I also lost my father Mfizi Epaphras who was 80 when he was killed in April. As he was old and respected in the village, many people came to take refugee in our place, thinking that they will be safe with him. But all 37 who were in our home were killed with my father. They were all buried in a mass grave in our compound.
My mother Monika Mukagihana aged 78 and my father's sister were disabled. After killing my father they took my mother and my aunt outside the house and stripped them naked, took their clothes leaving them lying among dead bodies outside. They watched as property was looted and our house destroyed. My mother died 4 days later and my aunt one week later. They died of hunger and exposure to the sun and rain. Birds ate their bodies.
My sister Stephenie was killed in Kigali in the beginning of June, with her husband and her children who were 6, 4, and 2 years old. We have tried in vain to find where their bodies were dumped, until now the neighbours have refused to tell us where they are so that we can bury them properly. We believe my sister's neighbours know where their bodies are but they were involved in killings and won't give us any information.
My mother and father in law were killed with 4 brothers and sisters in law, plus grandchildren and their daughters in law. From an entire family only 7 children and 2 sisters in law have survived.
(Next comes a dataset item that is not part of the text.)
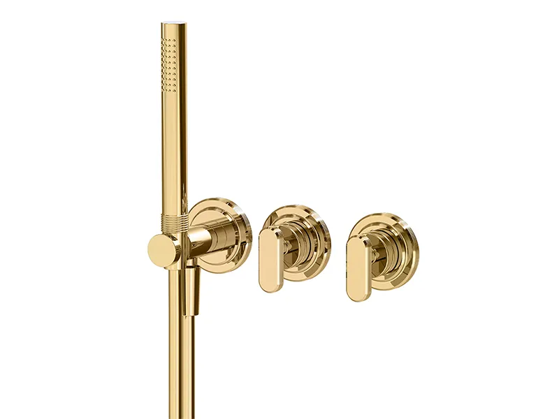Встроенный смеситель для душа Fima Carlo Frattini PARK LANE F1319WX8OS на 2 источника с душевым комплектом, цвет золото брашированное. Только внешняя часть, ручной душ с защитой от извести анти-кальк, держатель для душа с подводом воды, переключатель, гибкий шланг хромалюкс 1500 мм, металлическая пластина, внутренняя часть (арт.F3400W) заказывается отдельно.

In 1995, we found the body of my father in law and my sister in law and we gave them a decent burial. We also located my mother in law and her 12 grandchildren thrown in a pit latrine (African long-drop toilet), we managed to reclaim them and were able to bury them decently. (Many of my relatives whom we know are dead, we haven't been able to locate the bodies of).
My surviving sister found the bodies of her 19 year old son and husband two years later. She is relieved to put the whole jigsaw puzzle together. The bodies of my uncle Anselma and his wife are not yet located either, two of my aunts (mother's sisters) and eight children were also killed.
It is difficult to enumerate all the uncles, aunts, nephews, nieces, cousins etc. who died in the most horrific way. For the few who survived, like I did with my three daughters, it was just a miracle. It is difficult to explain it. We hid together (relatives and friends) at night, the killers took my husband with 14 men and boys and killed them. We heard them shooting, then shouting, screaming followed by silence. My daughters asked me, is that father they are killing? I replied yes. We all went quiet, we couldn't cry, the children couldn't cry. The killers said they were coming back for us. So we waited, hiding in the convent garden, but they didn't come back to take us.
In mid-June I bribed a soldier who accepted to take us to Mille Colline Hotel, from there we were evacuated to the Rwandan Patriotic Front Camp in Kibaga. At the end of June, Oxfam evacuated me to Uganda.